**Exercise objective:**
When you reach the line with "часовник с проектор" in the records below, begin transcribing exactly and continue up to and including the line with "學(xué)生們現(xiàn", leaving out every picture.

___ Data to use ___

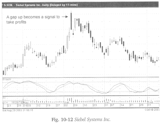10-12, Siebel Software is another example of the gap up at the top. A sell stop
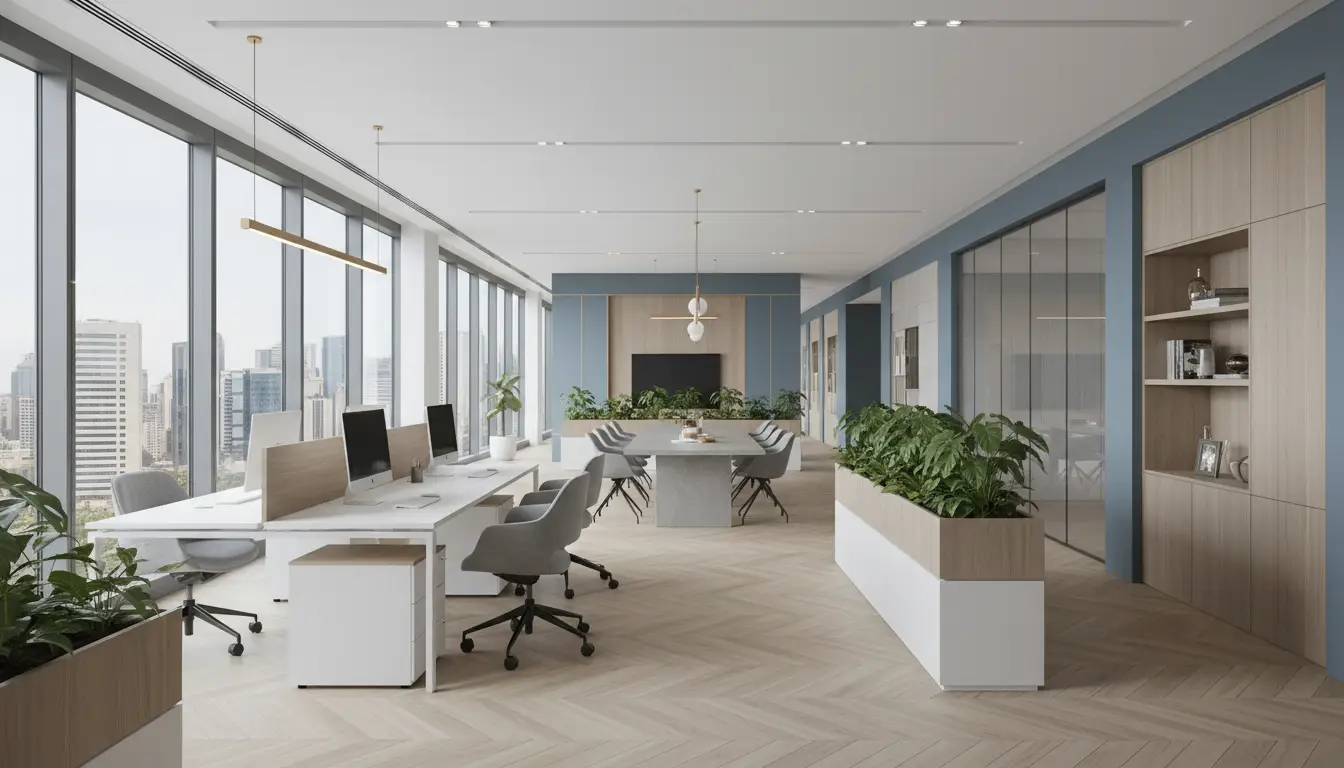 • نورپردازی مناسب: ترکیب نور طبیعی و مصنوعی به شکلی که خستگی چشم را کاهش دهد و انرژی محیط را افزایش دهد.
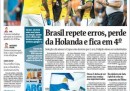 Sabato 12 luglio si è giocata allo stadio “Nacional” di Brasilia la finale per il terzo e quarto posto dei Mondiali di calcio. Il Brasile ha perso – molto male – contro l’Olanda, prendendo due gol nei primi venti minuti e il terzo gol nel recupero del secondo tempo. La nazionale brasiliana arrivava da una durissima e umiliante sconfitta per 7-1 nella semifinale giocata contro la Germania, e in molti si aspettavano una specie di riscatto. Che non c’è stato. Il Brasile ha giocato male, è sembrato senza idee e senza gioco. La stampa brasiliana – come del resto quella di tutto il mondo – ha dato la maggior parte delle colpe all’allenatore Felipe Scolari: le prime pagine brasiliane del giorno dopo la fine del Mondiali per il Brasile sono piene di giocatori con la testa fra le mani, tifosi disperati e molta “amarezza” e “malinconia”.
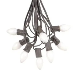 100 C7 String Light Set With White Ceramic Bulbs On Brown Wire
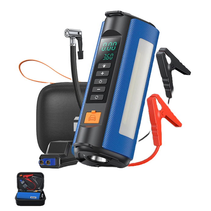 - BUVAYE 2000A Professional Car Battery Jump Starter with Built-in 150PSI Air Pump and USB Power Bank for 12V Vehicles
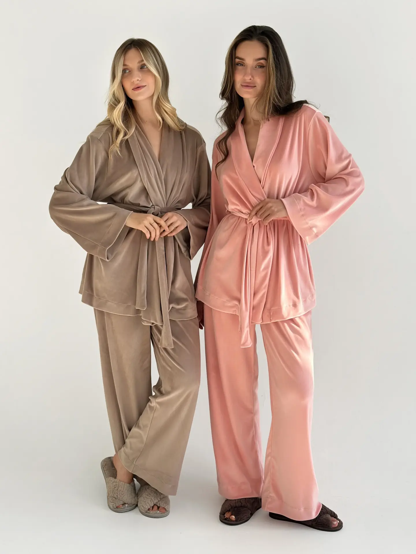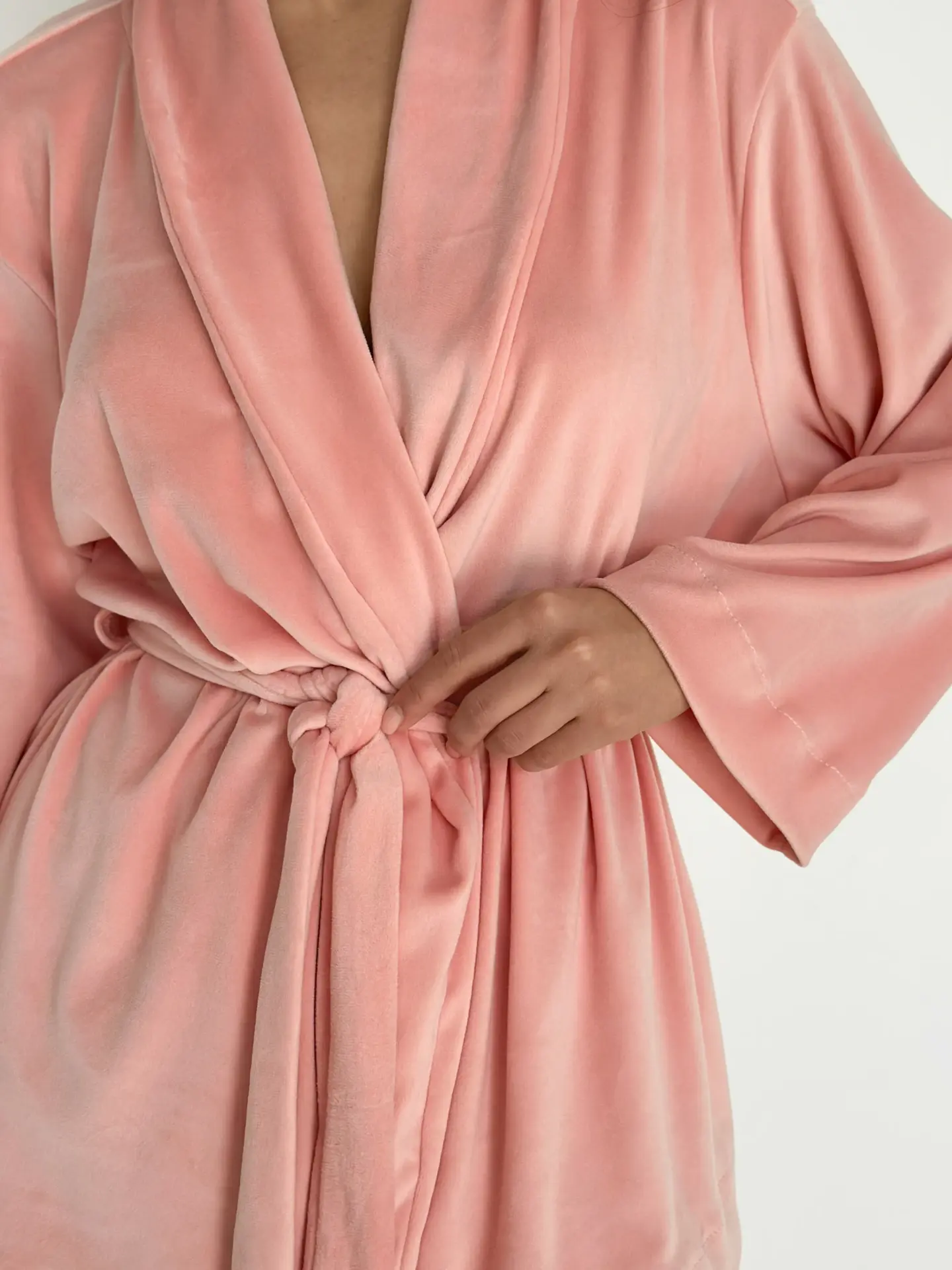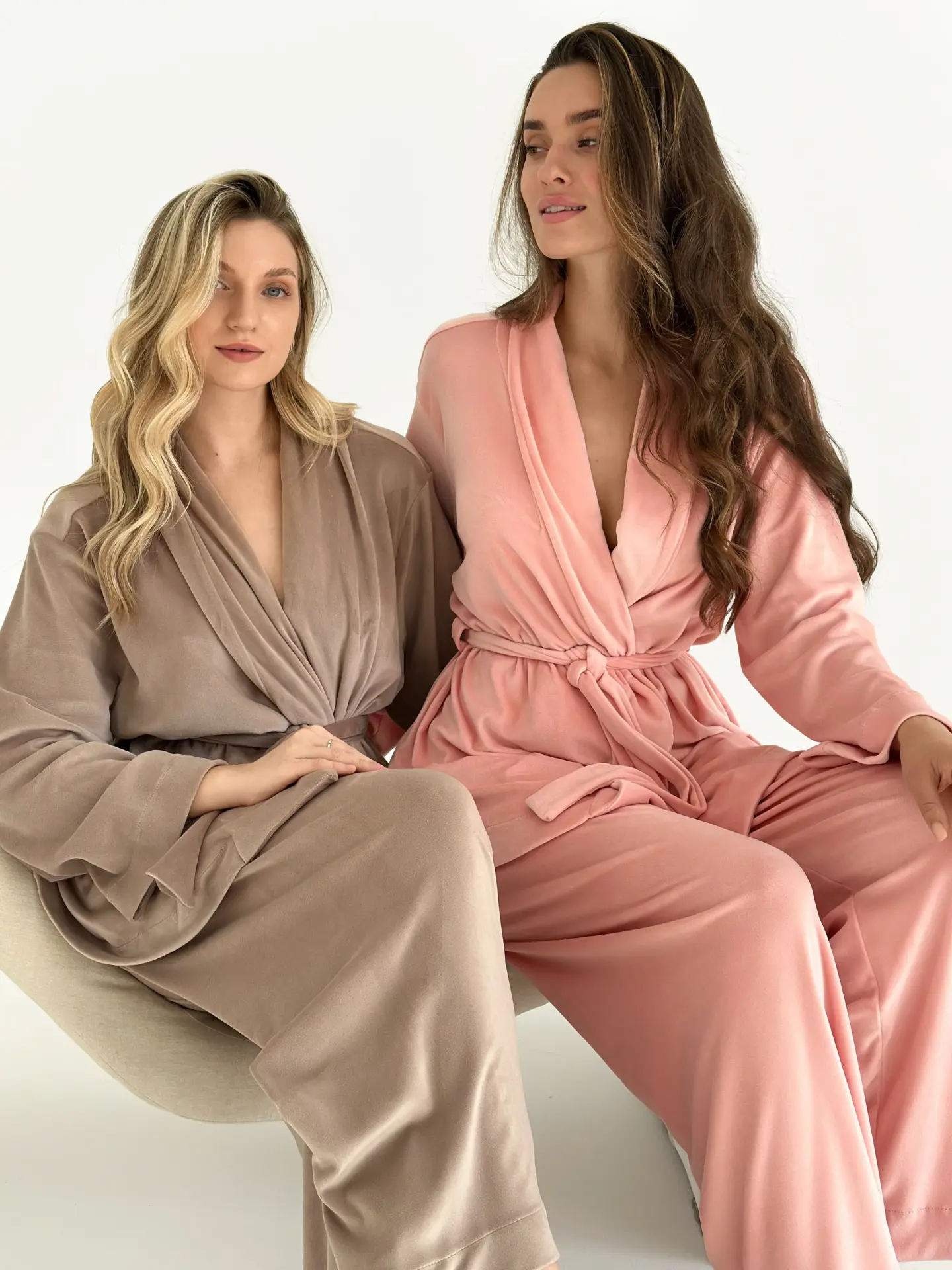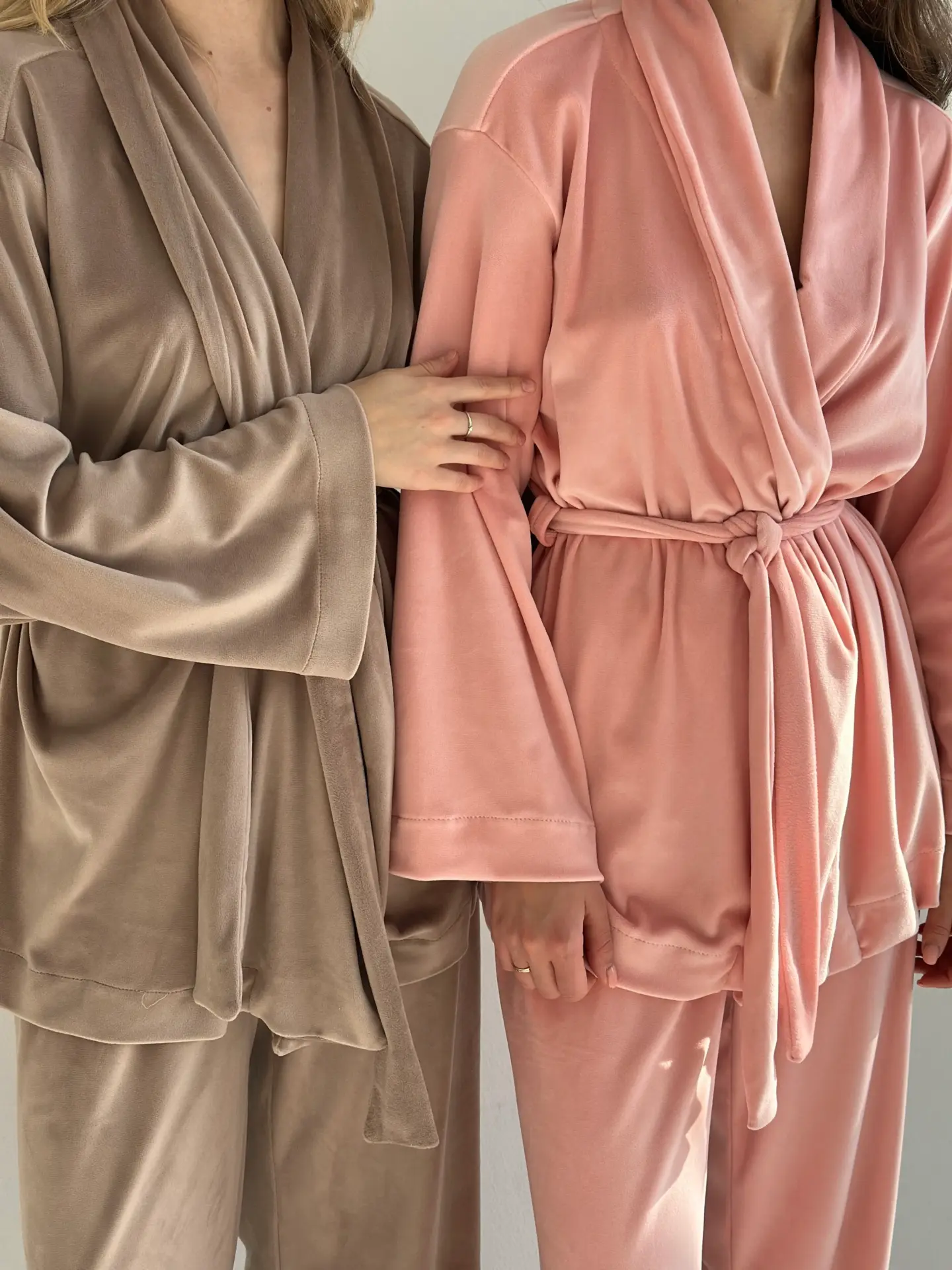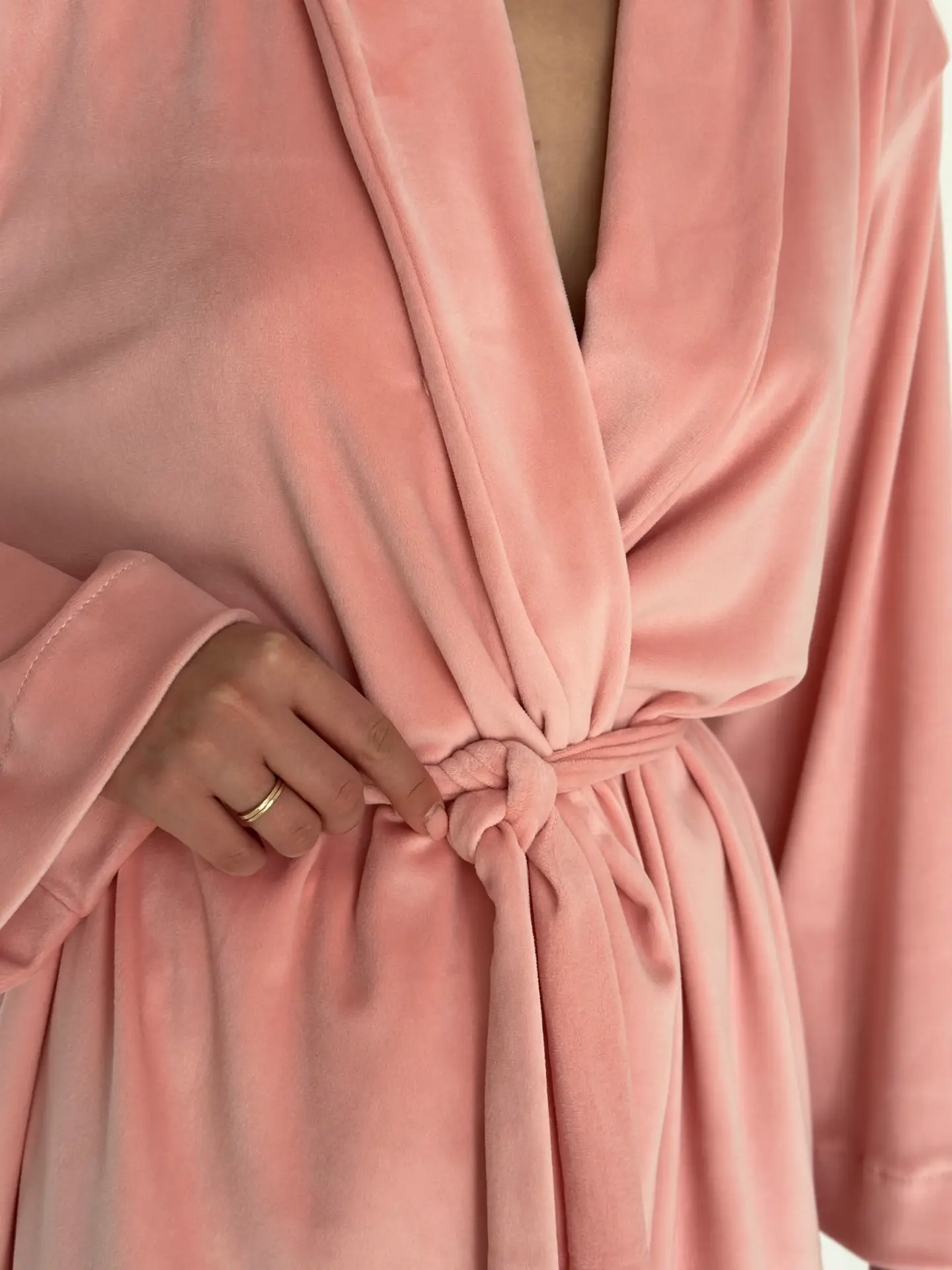 Костюм плюш штани та кофта на запах комір шаль рожевий
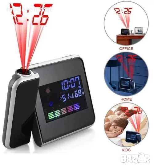 часовник с проектор за стена, таван и термометър
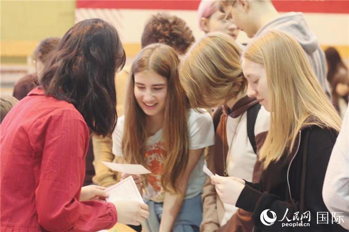 學(xué)生們現(xiàn)場(chǎng)學(xué)習(xí)中文問(wèn)候語(yǔ)。人民網(wǎng)記者 禹麗敏攝
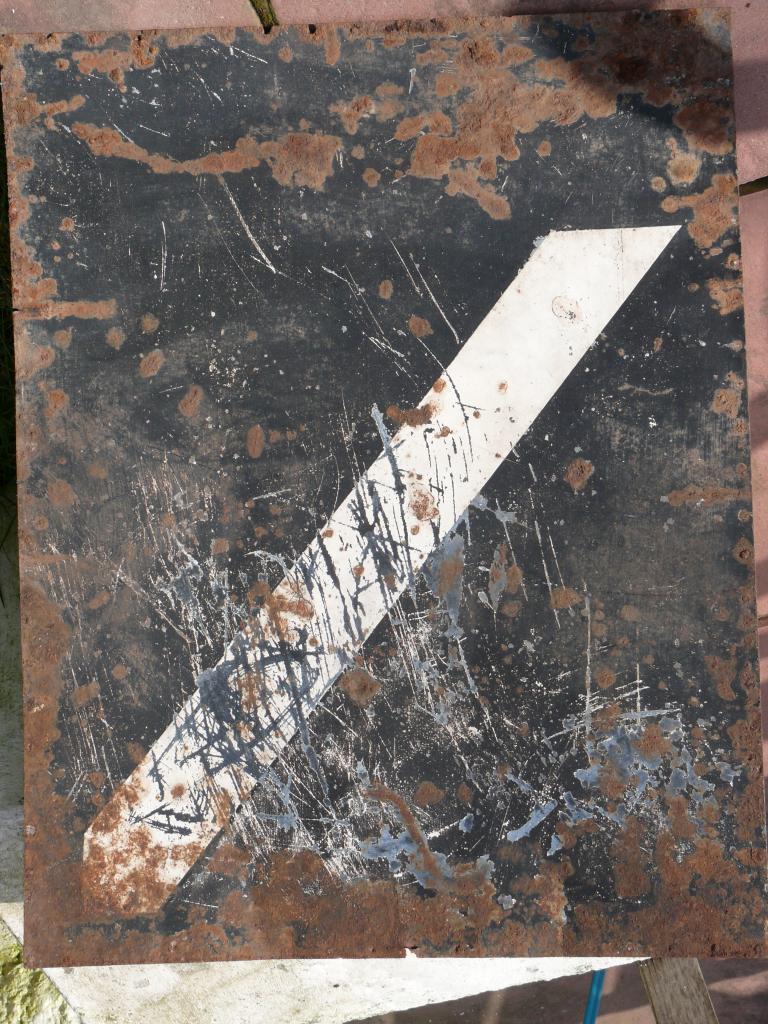 wir haben vor längerer Zeit bei einer Tour auf einem alten Fliegerhorst folgendes Schild Gefunden. Das Schild lag an einem alten Schießstand, wo die Flugzeuge eingeschossen wurden. Jetzt habe ich es in meiner Garage ein zweites mal gefunden und würde gerne mal wissen was es bedeutet und aus welcher Zeit es ist.

___

**Answer for this exercise:**
 часовник с проектор за стена, таван и термометър
 學(xué)生們現(xiàn)場(chǎng)學(xué)習(xí)中文問(wèn)候語(yǔ)。人民網(wǎng)記者 禹麗敏攝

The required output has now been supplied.